The plot, which spins around three or four romances amongst these characters, is funny and engaging (although over-extended at nearly 400 tight pages). The characters are all cleverly conceived and portrayed, some sympathetic, some endearingly ghastly. Miss Fielding is particularly entertaining–she finds fault with everyone and everything with a blithe hostility she thinks is humanitarian. And Vartouthi, the young foreigner in their midst, hired as maid-of-all-work, ends up running the household and stealing (almost) everyone’s heart. She receives two marriage proposals in the book, and accepts the second, from Kenneth, much to Miss Fielding’s chagrin. She (Vartouthi) is a unique and delightful character, refreshingly honest and free-spirited.
Half-way through I felt that things slowed down and that the book was much too long, but as I continued reading I liked it more and more and was sorry when it (finally) ended.
The Bachelors by Muriel Spark (J. B. Lippincott & Co., 1961)
An early novel–the fourth?–of Spark’s many novels, The Bachelors is set in London and revolves around two groups: one (mostly, or ostensibly, heterosexual) bachelors, the other a group of spiritualists, who conduct seances with a venal criminal as a medium. The plot centers upon a court case and trial that brings these two groups together in an entertaining way, and the novel has a large and varied cast of vividly eccentric characters.
One of these, Ronald Bridges, a graphologist and epileptic, is the decent moral center of the book, and endears himself to the reader and pretty much everyone around him.
My Own Unaided Work by Hermione Gingold (Werner, Laurie, 1952)

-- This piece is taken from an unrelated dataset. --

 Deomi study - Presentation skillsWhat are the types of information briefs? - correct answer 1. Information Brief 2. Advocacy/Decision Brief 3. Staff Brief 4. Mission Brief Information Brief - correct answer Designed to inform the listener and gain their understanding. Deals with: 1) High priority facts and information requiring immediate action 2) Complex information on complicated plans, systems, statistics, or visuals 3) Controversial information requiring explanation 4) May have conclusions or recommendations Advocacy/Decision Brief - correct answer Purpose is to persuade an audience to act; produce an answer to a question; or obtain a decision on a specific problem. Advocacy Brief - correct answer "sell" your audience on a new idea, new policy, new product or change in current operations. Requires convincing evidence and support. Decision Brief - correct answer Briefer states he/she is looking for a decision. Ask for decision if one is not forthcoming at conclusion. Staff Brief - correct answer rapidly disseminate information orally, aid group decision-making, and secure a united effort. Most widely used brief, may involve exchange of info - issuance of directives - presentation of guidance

A collection of sketches, monologues, lyrics, and a short autobiography by the truly fabulous La Gingold.
Her uncanny intelligence and sly, original sense of humor are much evident in these souffle-like pieces, that are delicious but melt like spun sugar as one reads them.
Mr. Bridge by Evan S. Connell, Jr. (Picador, 1987; originally published by Alfred A. Knopf in 1969)

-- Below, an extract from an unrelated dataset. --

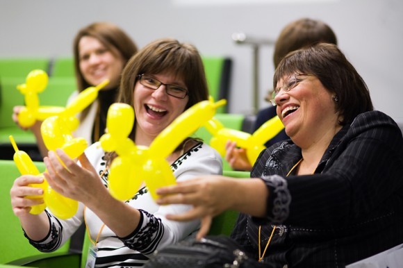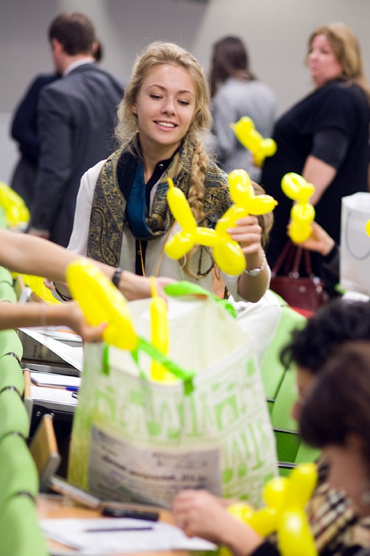 Галина Шатилова и Константин Седов из АНО «Больничные Клоуны» рассказали о работе больничных клоунов и вместе с участниками конференции сделали собачек из воздушных шариков – собачки в тот же день отправляется вместе с добрым клоуном в детскую больницу.

A companion volume to Mrs. Bridge (see below), published ten years later in 1969.
Mr. Bridge is a much less pleasing book than Mrs. Bridge, mostly because Mr. Bridge is a much less sympathetic character. And the book is a third longer than Mrs. Bridge, so one feels overexposed to Mr. Bridge, and grows tired of him long before the book ends. Many of the incidents related are repetitive and Mr. Bridge is impervious to just about everything that happens to him, maintaining self-control and small-mindedness and bullying confidence until the very end. It’s written in the same style as Mrs. Bridge, in brief, glancing chapters capturing specific moments and encounters, but it lacks Mrs. Bridge‘s bonsai-like exquisiteness–it’s somewhat lumpy and unpleasant.